USA Today publishes devastating op-ed: Trump Tower Moscow project was ‘an extraordinary conflict of interest that was concealed from voters'

It remains to be seen what special counsel Robert Mueller will reveal in his final report on the Russia investigation. But one “Trump/Moscow link,” USA Today asserts in a January 22 staff editorial, cannot be overlooked: Donald Trump pursued a Trump Tower Moscow project during the 2016 presidential election—which the publication denounces as “an extraordinary conflict of interest.”
“There’s one Trump/Moscow link where the emerging evidence is already as damning as it is disturbing: during much, if not all, of Trump’s campaign, he sought to enrich himself by pursuing a luxury hotel/condominium/office deal in Russia known as Trump Tower Moscow,” USA Today stresses. “And as a candidate, Trump repeatedly misled or lied to voters about his business with Russia.”
USA Today’s editorial notes that in July 2016, for example, Trump told reporters, “I have nothing to do with Russia.”
In November, Trump’s former personal attorney, Michael Cohen (who has been sentenced to three years in prison for crimes ranging from tax and bank fraud to campaign finance violations) admitted to lying to Congress in 2017 about the Trump Tower Moscow project.
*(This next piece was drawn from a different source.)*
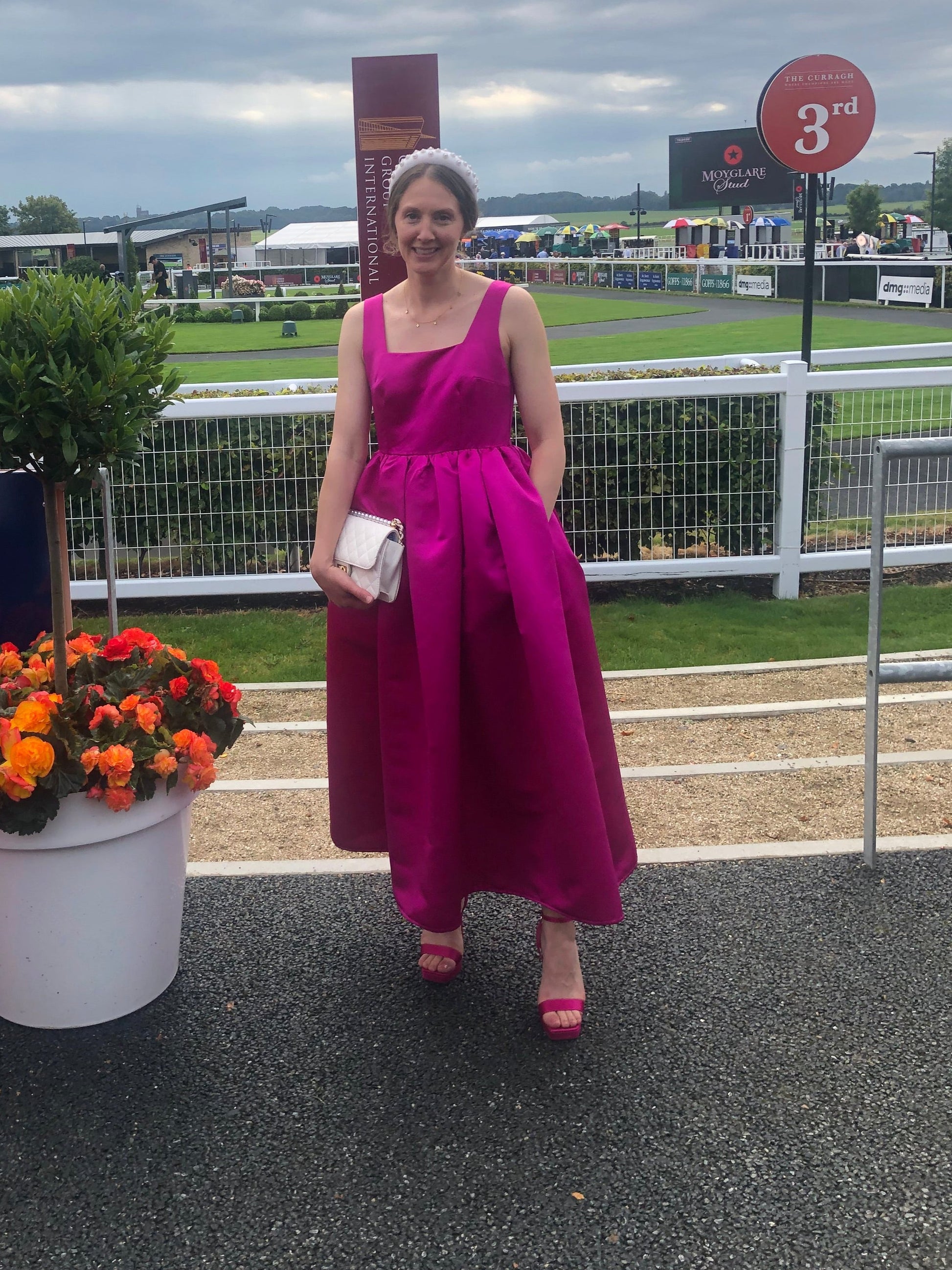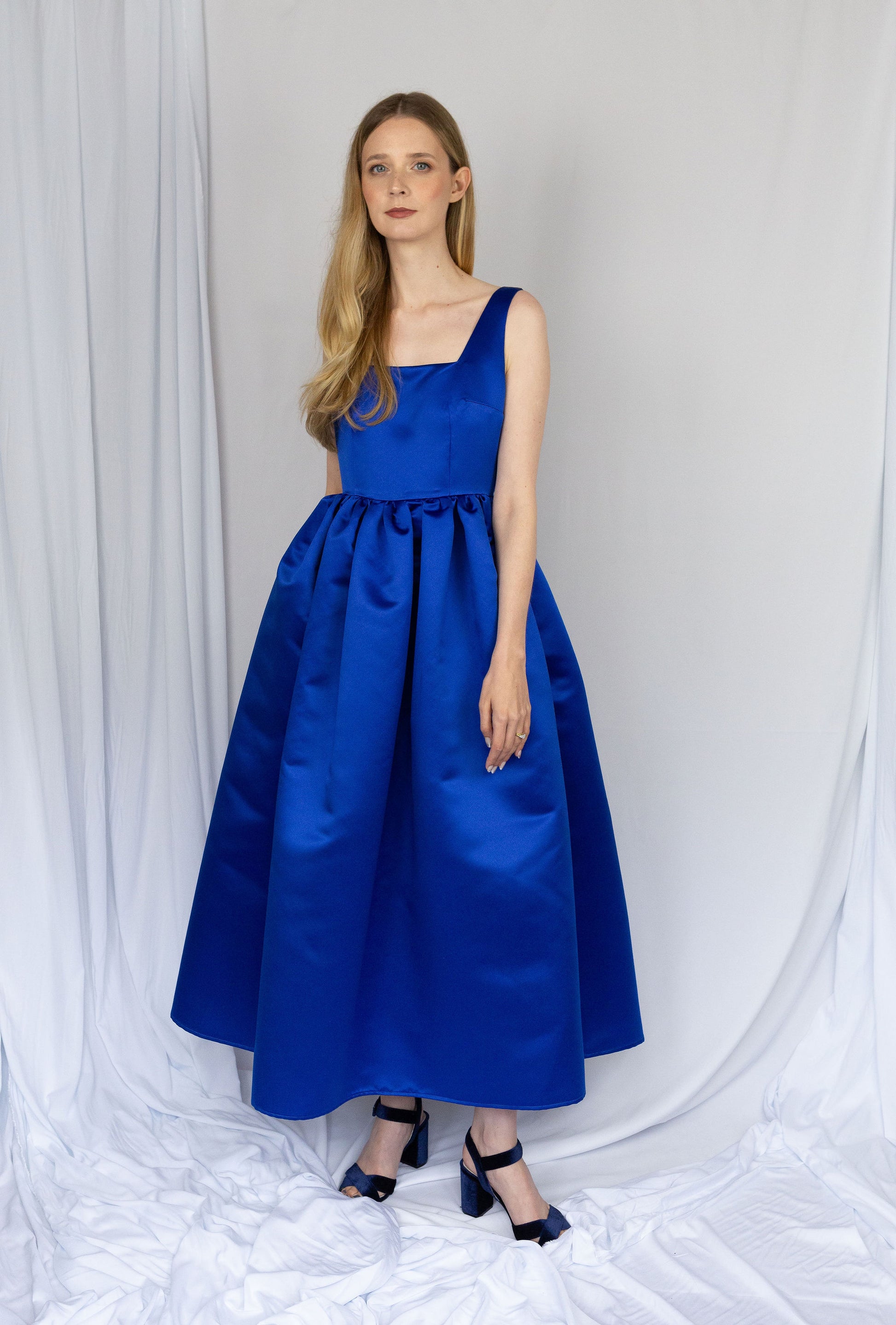 Make a statement in the Blue Tulip Satin dress. Featuring a square neck, wide straps and full mid length skirt with side pockets. Photographed here with the Jane Jacket.

And USA Today points out that “court filings by Mueller in November make clear that negotiations led by Trump lawyer Michael Cohen continued through at least June 2016.”
The editorial observes that Trump had real estate goals for Moscow long before the 2016 election. In a 2007 deposition, Trump said, “We will be in Moscow at some point.”
USA Today concludes its editorial by emphasizing that even though it remains unclear when the Trump Tower Moscow deal fell apart, the fact that Trump’s company pursued it at all when he was running for president is troubling.
“Exactly when the Trump Tower Moscow ‘opportunity’ collapsed remains murky…..But whether Trump was pursuing the arrangement until he clinched the Republican nomination, or right up until he was elected president, isn’t the main point,” USA Today asserts. “What matters is that a presidential candidate was secretly negotiating a major business deal with a major U.S. adversary—an extraordinary conflict of interest that was concealed from voters.”